Task prompt: Without including any pictures, return the records below exactly as written.
BEGIN Extracted material
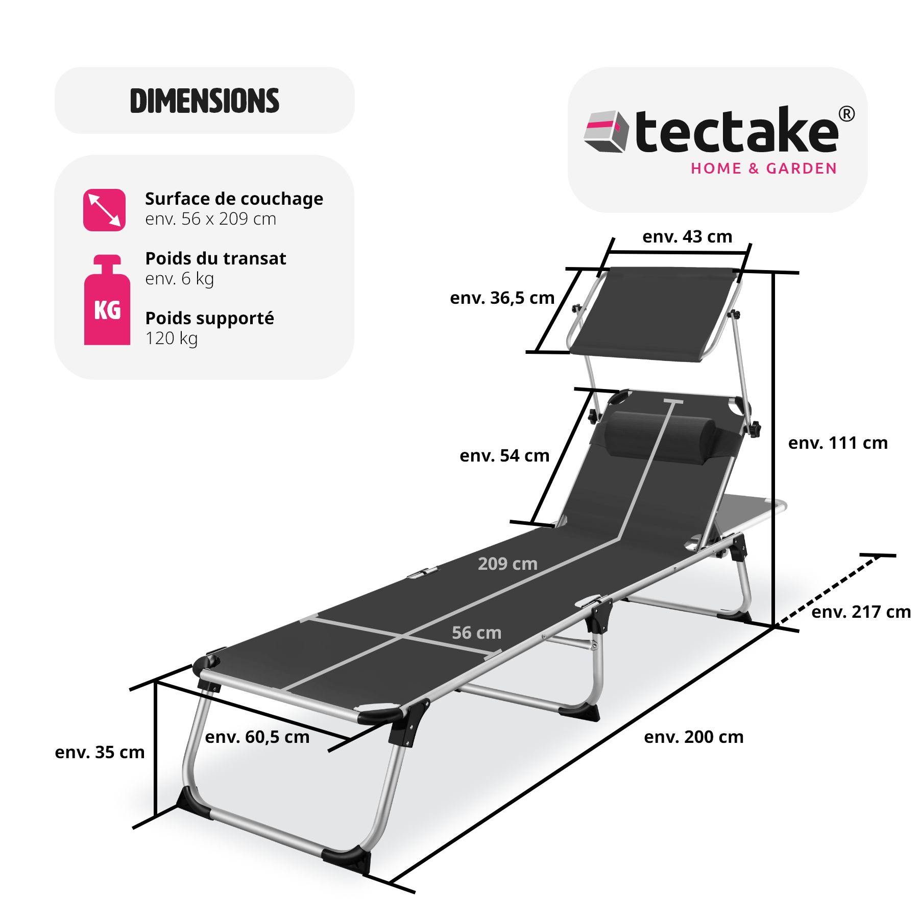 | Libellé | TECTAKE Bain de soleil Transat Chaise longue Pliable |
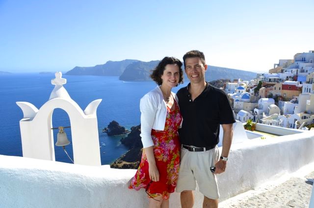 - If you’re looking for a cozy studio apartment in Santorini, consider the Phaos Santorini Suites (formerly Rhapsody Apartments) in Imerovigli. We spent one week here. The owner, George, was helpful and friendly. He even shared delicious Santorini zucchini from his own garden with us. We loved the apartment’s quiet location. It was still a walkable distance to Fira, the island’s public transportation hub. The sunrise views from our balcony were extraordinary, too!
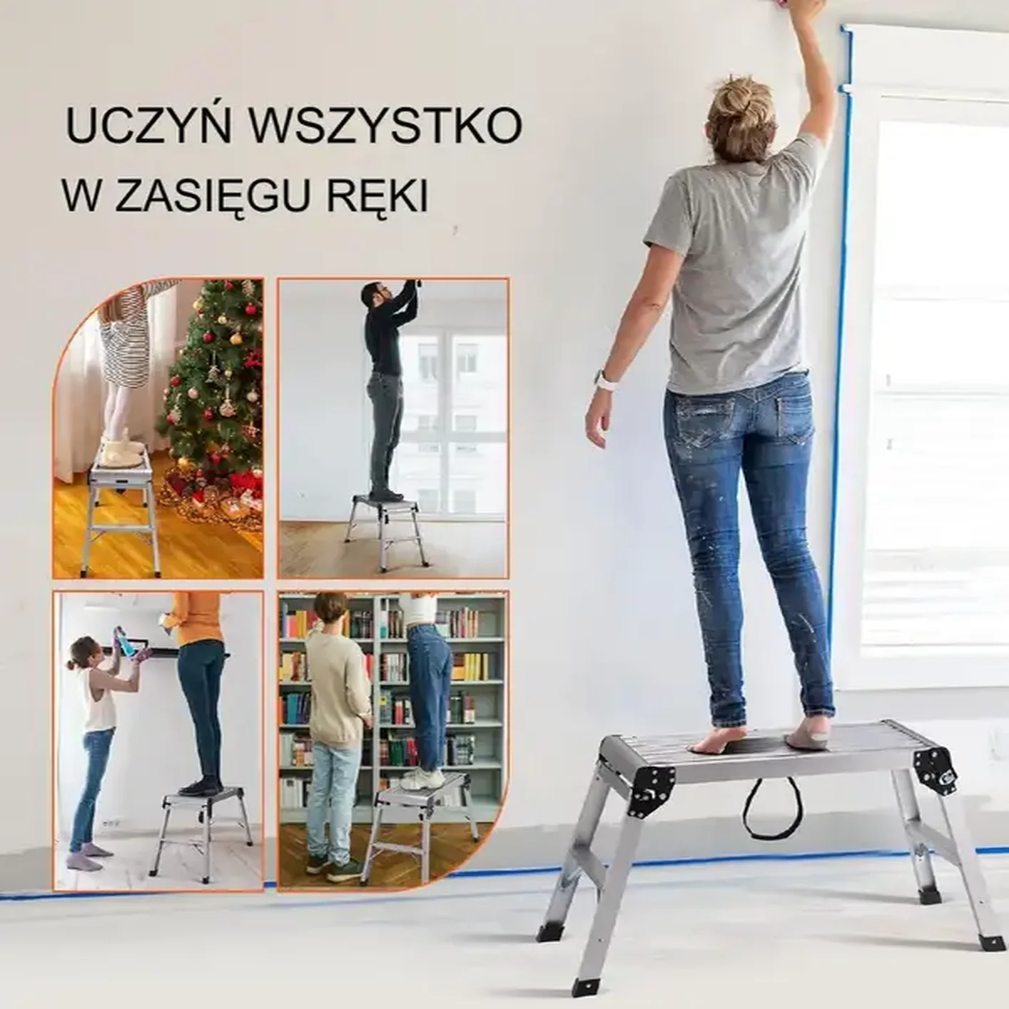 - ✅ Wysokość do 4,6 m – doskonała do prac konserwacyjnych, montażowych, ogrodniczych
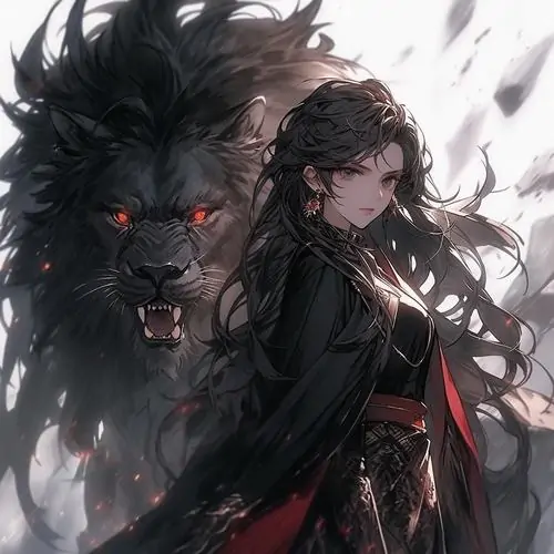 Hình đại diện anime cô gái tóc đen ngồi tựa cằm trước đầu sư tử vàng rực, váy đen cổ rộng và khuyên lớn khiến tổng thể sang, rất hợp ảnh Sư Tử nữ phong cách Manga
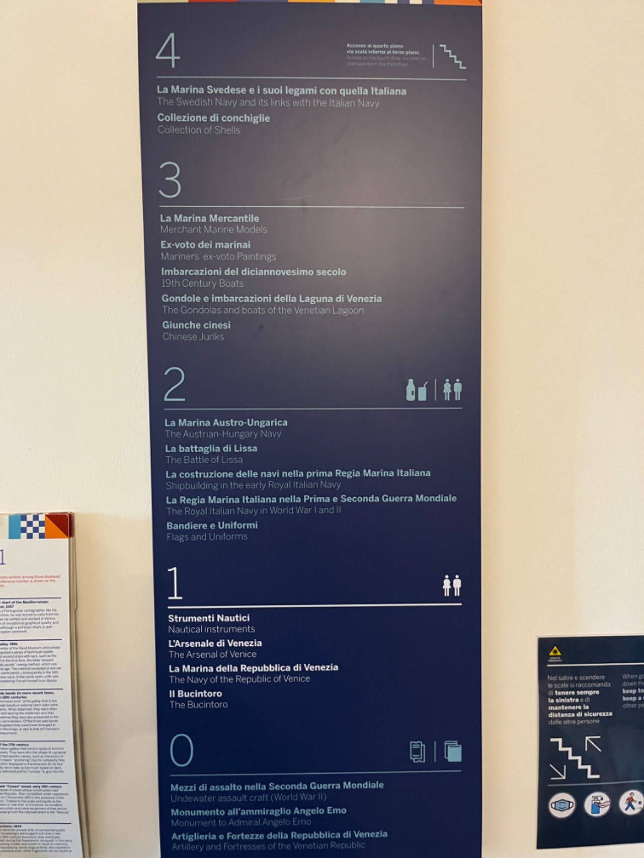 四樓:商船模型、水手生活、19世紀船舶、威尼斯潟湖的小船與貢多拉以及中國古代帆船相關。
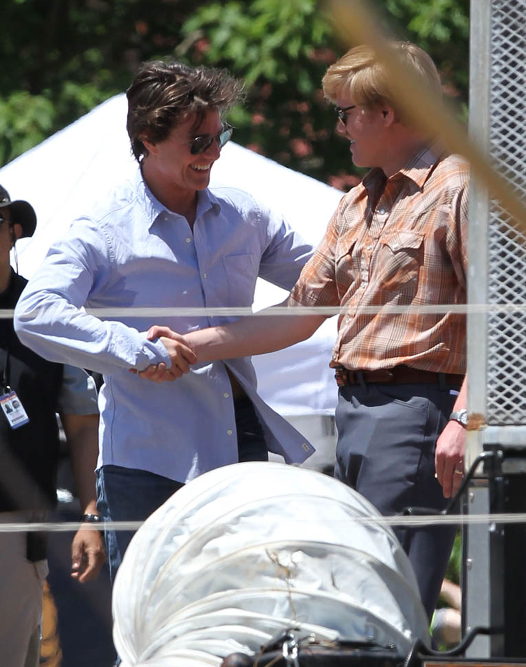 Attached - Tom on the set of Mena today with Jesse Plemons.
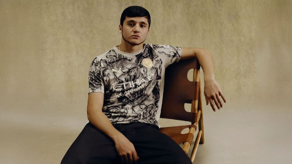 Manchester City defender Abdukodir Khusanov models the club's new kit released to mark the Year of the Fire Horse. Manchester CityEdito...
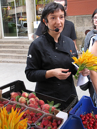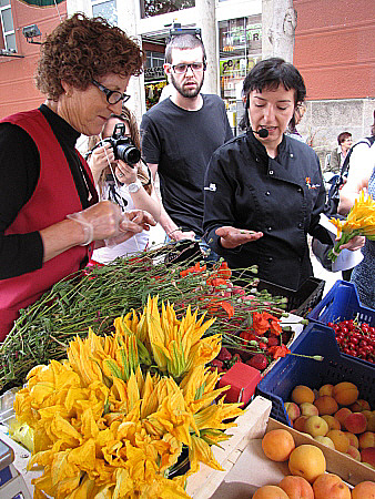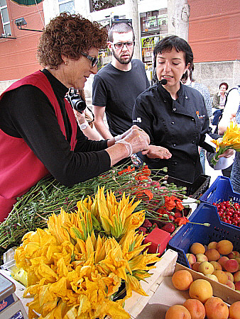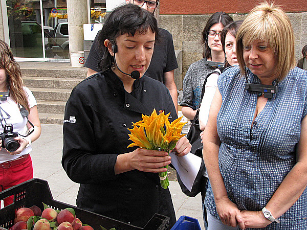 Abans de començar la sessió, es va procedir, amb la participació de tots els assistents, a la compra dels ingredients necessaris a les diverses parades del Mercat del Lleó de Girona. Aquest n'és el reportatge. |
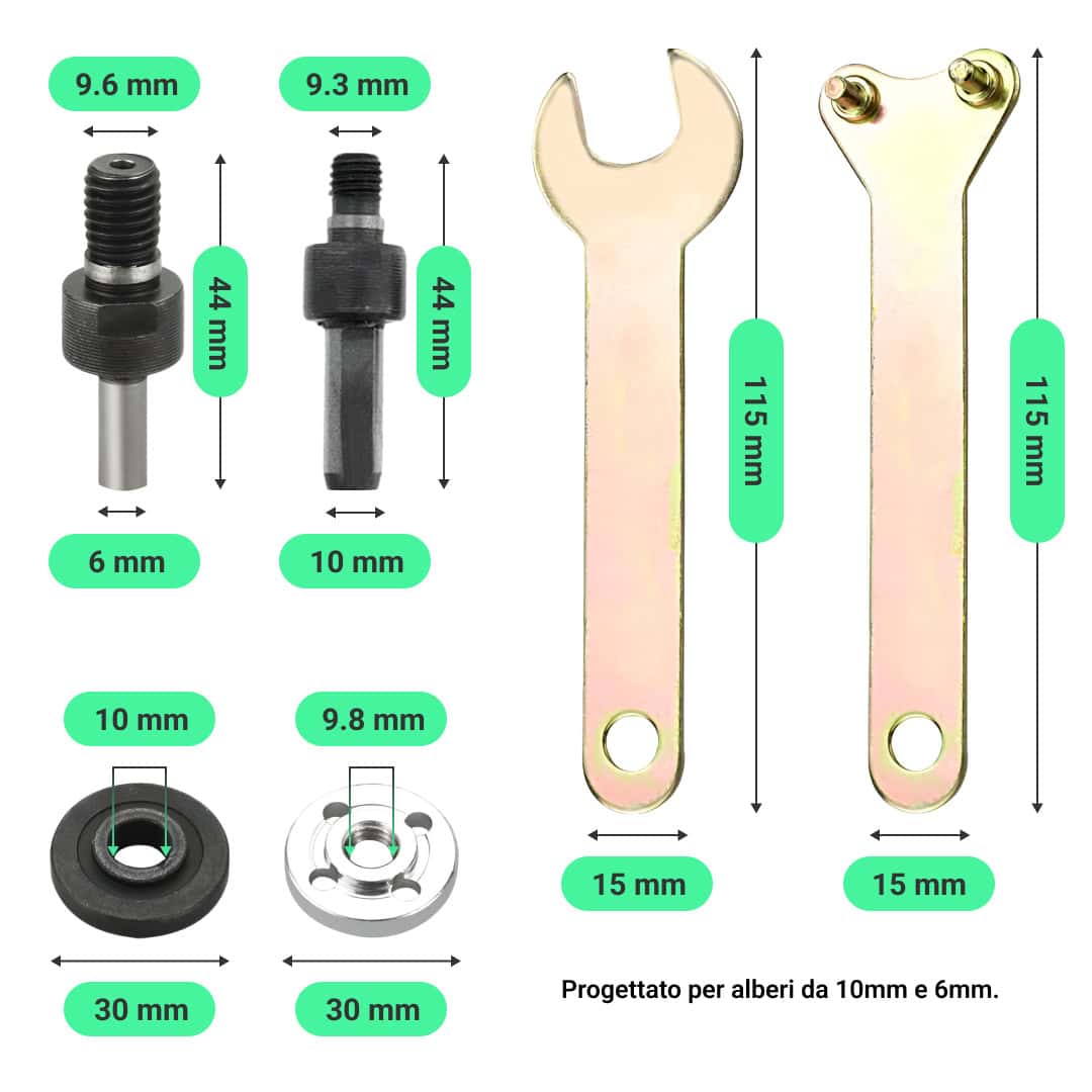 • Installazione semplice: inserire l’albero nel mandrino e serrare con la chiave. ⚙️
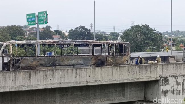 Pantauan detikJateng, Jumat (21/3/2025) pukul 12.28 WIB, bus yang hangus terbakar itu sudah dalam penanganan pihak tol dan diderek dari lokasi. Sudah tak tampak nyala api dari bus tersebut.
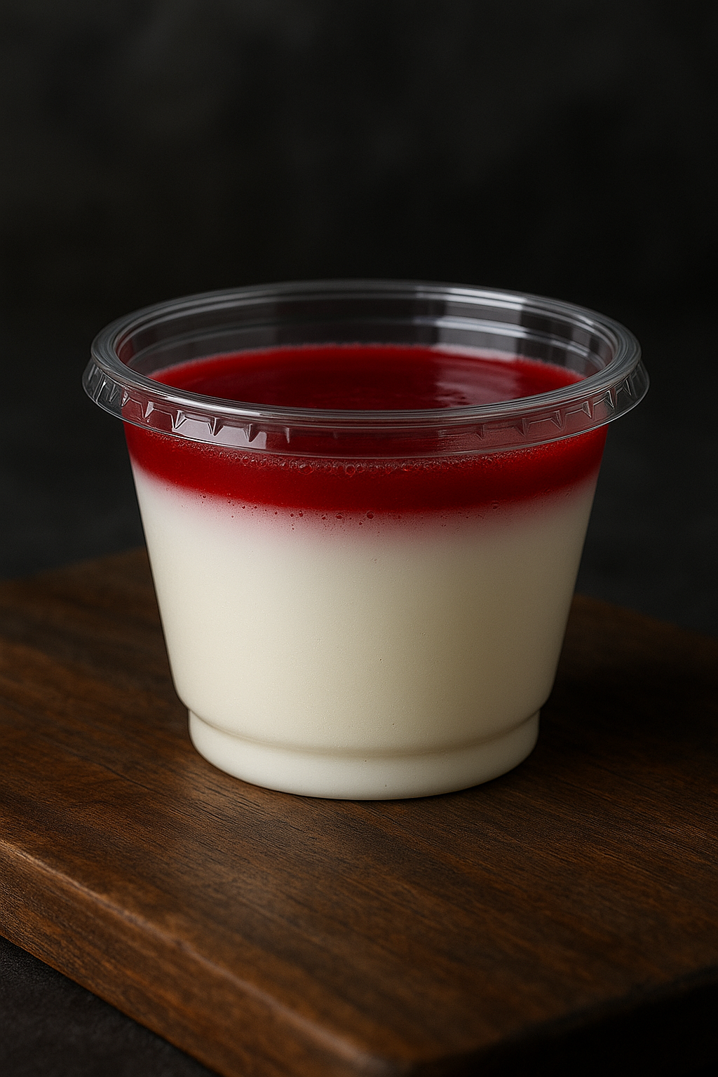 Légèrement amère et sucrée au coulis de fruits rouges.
END Extracted material
Response area:
 | Libellé | TECTAKE Bain de soleil Transat Chaise longue Pliable |
 - If you’re looking for a cozy studio apartment in Santorini, consider the Phaos Santorini Suites (formerly Rhapsody Apartments) in Imerovigli. We spent one week here. The owner, George, was helpful and friendly. He even shared delicious Santorini zucchini from his own garden with us. We loved the apartment’s quiet location. It was still a walkable distance to Fira, the island’s public transportation hub. The sunrise views from our balcony were extraordinary, too!
 - ✅ Wysokość do 4,6 m – doskonała do prac konserwacyjnych, montażowych, ogrodniczych
 Hình đại diện anime cô gái tóc đen ngồi tựa cằm trước đầu sư tử vàng rực, váy đen cổ rộng và khuyên lớn khiến tổng thể sang, rất hợp ảnh Sư Tử nữ phong cách Manga
 四樓:商船模型、水手生活、19世紀船舶、威尼斯潟湖的小船與貢多拉以及中國古代帆船相關。
 Attached - Tom on the set of Mena today with Jesse Plemons.
 Manchester City defender Abdukodir Khusanov models the club's new kit released to mark the Year of the Fire Horse. Manchester CityEdito...
 Abans de començar la sessió, es va procedir, amb la participació de tots els assistents, a la compra dels ingredients necessaris a les diverses parades del Mercat del Lleó de Girona. Aquest n'és el reportatge. |
 • Installazione semplice: inserire l’albero nel mandrino e serrare con la chiave. ⚙️
 Pantauan detikJateng, Jumat (21/3/2025) pukul 12.28 WIB, bus yang hangus terbakar itu sudah dalam penanganan pihak tol dan diderek dari lokasi. Sudah tak tampak nyala api dari bus tersebut.
 Légèrement amère et sucrée au coulis de fruits rouges.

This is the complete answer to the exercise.